▶ _WHAT TO DO_: Any picture in the listing is left out of the copy; all else is duplicated exactly.

▶ _COLLECTED DATA_:
::::::::::
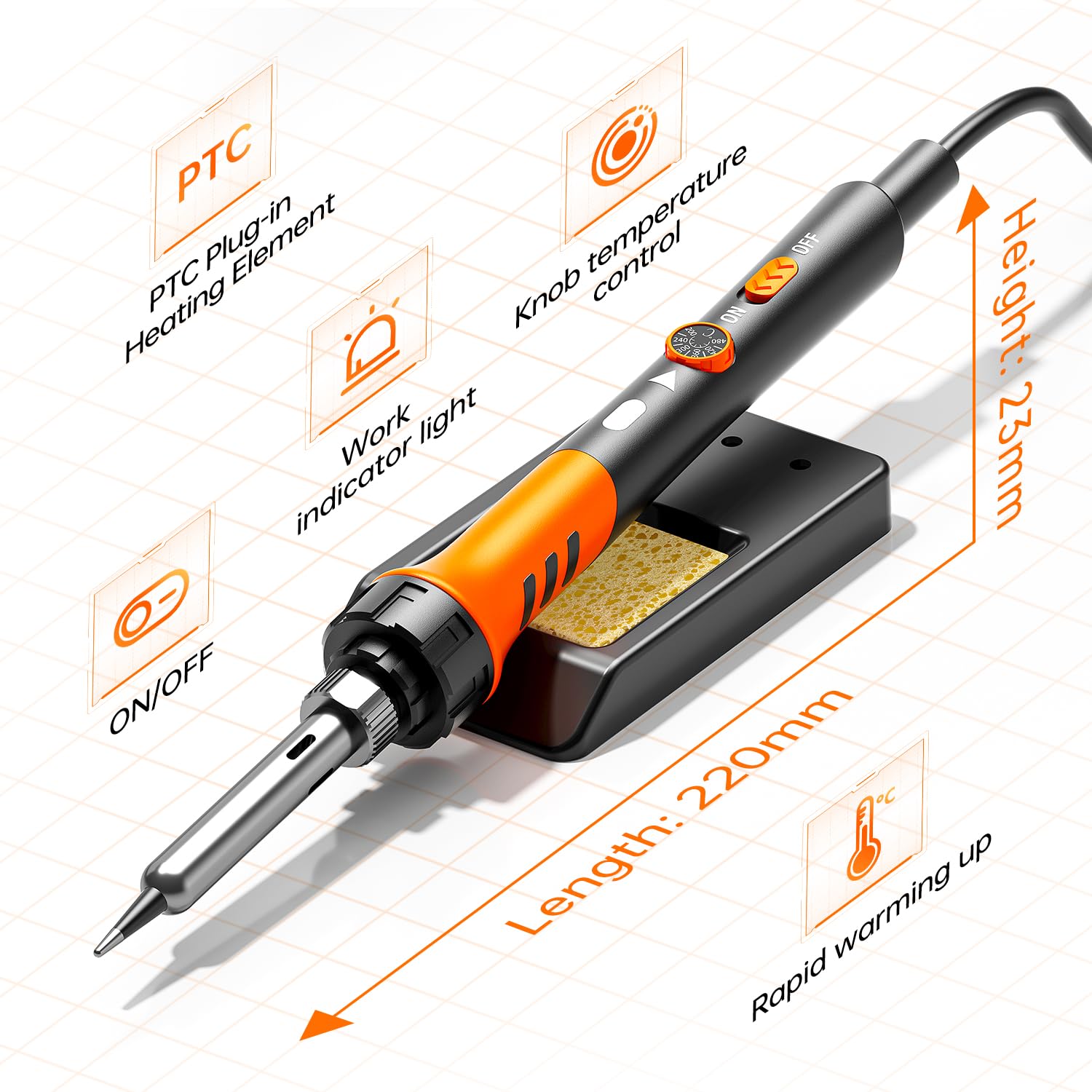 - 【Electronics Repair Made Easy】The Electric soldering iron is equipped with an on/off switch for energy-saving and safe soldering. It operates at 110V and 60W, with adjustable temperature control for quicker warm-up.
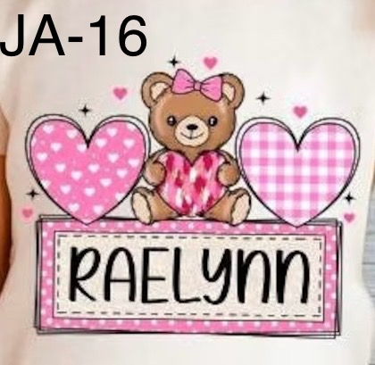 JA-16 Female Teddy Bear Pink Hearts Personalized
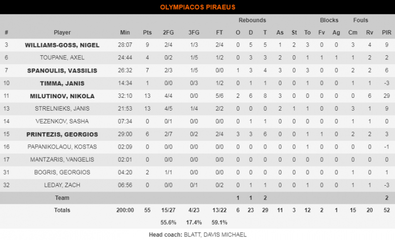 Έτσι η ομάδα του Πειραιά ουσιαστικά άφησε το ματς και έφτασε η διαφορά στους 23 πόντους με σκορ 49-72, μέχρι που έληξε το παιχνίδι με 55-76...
::::::::::
▶ _PROBLEM SOLUTION_:
 - 【Electronics Repair Made Easy】The Electric soldering iron is equipped with an on/off switch for energy-saving and safe soldering. It operates at 110V and 60W, with adjustable temperature control for quicker warm-up.
 JA-16 Female Teddy Bear Pink Hearts Personalized
 Έτσι η ομάδα του Πειραιά ουσιαστικά άφησε το ματς και έφτασε η διαφορά στους 23 πόντους με σκορ 49-72, μέχρι που έληξε το παιχνίδι με 55-76...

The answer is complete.